Thwarted by poverty, discrimination, armed conflict, emergencies and the effects of climate change, millions of children around the world are being denied a sound education.

The UN has identified many challenges facing education. Among these are the precipitate decline in the quality and standards of education, the failure to factor the work place’s skills requirements into learning processes, the widening knowledge gap between students in technically advanced societies and their counterparts in developing countries, the danger and the obstacles that learning faces in conflict zones and, the declining esteem of the teaching profession.

Improving education and teaching cannot be done overnight. Improving education systems requires a multi-faceted approach: children have to be ready to learn, teachers need to teach successfully, schools need to have the right infrastructure and equipment and school authorities have to provide leadership. Education policies need to be aligned with the goals outlined in the SDGs.

Clearly, textbook-only education is out of date. The jobs of the future will require a hybrid set of skills from a variety of subject areas that will change several times over during careers. This calls for modular learning and education, due to its ability to allow students to personalize skills and knowledge.

It is also important to offer education opportunities for those already employed. Workers expect to learn on-demand, getting the skills and knowledge they can apply as soon as possible. Moving between working and learning will become commonplace, thanks, partly, to a combination of in-person and online modes of learning.

There is also the rather alarming prospect that some of our jobs will be taken over by robots and Artificial Intelligence. The shelf life of hard skills will become shorter as technology advances more rapidly, and inputs become more automated. Soft skills or power skills, including collaboration, communication, critical thinking, intellectual originality and, the ability to make quick decisions will become essential. In other words, as robots take over many vocations, the tasks that only humans can perform (so far) will become more valuable.

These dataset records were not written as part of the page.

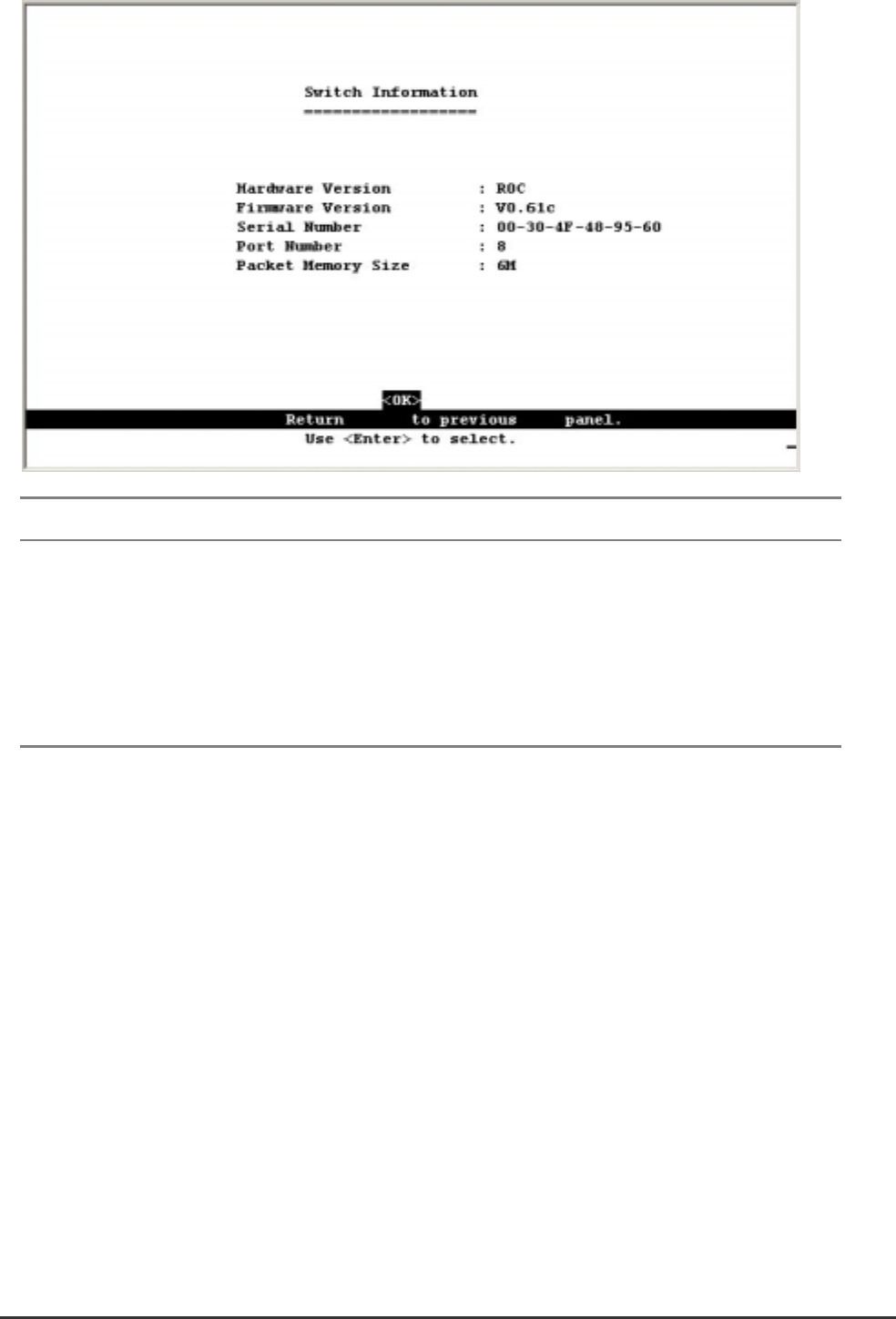Packet Memory Size Shows memory size for packet buffer. It is always 6M bytes.
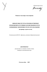Диссертационная работа на тему Финансовые ресурсы производственных предприятий: источники формирования и пути повышения эффективности их использования (на примере строительства) выпонена в рамках Паспорта специальности ВАК 08.00.10 - финансы, денежное обращение и кредит, раздела 3. Финансы предприятий и организаций; п. 3.3. Критерии и
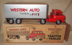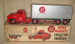 Plastic Cab w/ metal trailer, Mint Toy, box is dry rotted and has general wear

Education should thus be geared towards these goals. We have seen a microcosm of this phenomenon in Sri Lanka, where thousands of job vacancies appear in the Sunday newspapers week after week with apparently no takers. The reason – school leaves and graduates are ill-equipped with the emerging skills actually needed by the marketplace. President Gotabaya Rajapaksa, in his Policy Statement delivered in Parliament on January 3, vowed to address this mismatch.

In Sri Lanka, where the education indices are almost on par with those of the developed world, the main challenge seems to be re-aligning the school and university classroom to face the realities of the modern world. It is vital to recognize new trends ranging from AI to the Internet of Things in re-formulating school and university curricula to face future requirements. It is also vital to address that perennial problem of school admissions by developing every school to the level of top schools in each province or district.

Textbooks themselves are likely to go the way of the Dodo as –computer-based interactive education slowly but surely finds its way into mainstream educational institutions. Virtual Reality, Virtual Classrooms, and online/remote learning will all become more important. This does not mean that the human teacher, still the most important pillar of education, will disappear. The human element in education will become more critical in the future even as it embraces cutting-edge technology.

All of this, however, can be true ‘learning’ only to the degree that we remain intelligent and knowledgeable enough to carefully nurture our Earthly habitat rather than destroy Humanity’s only home.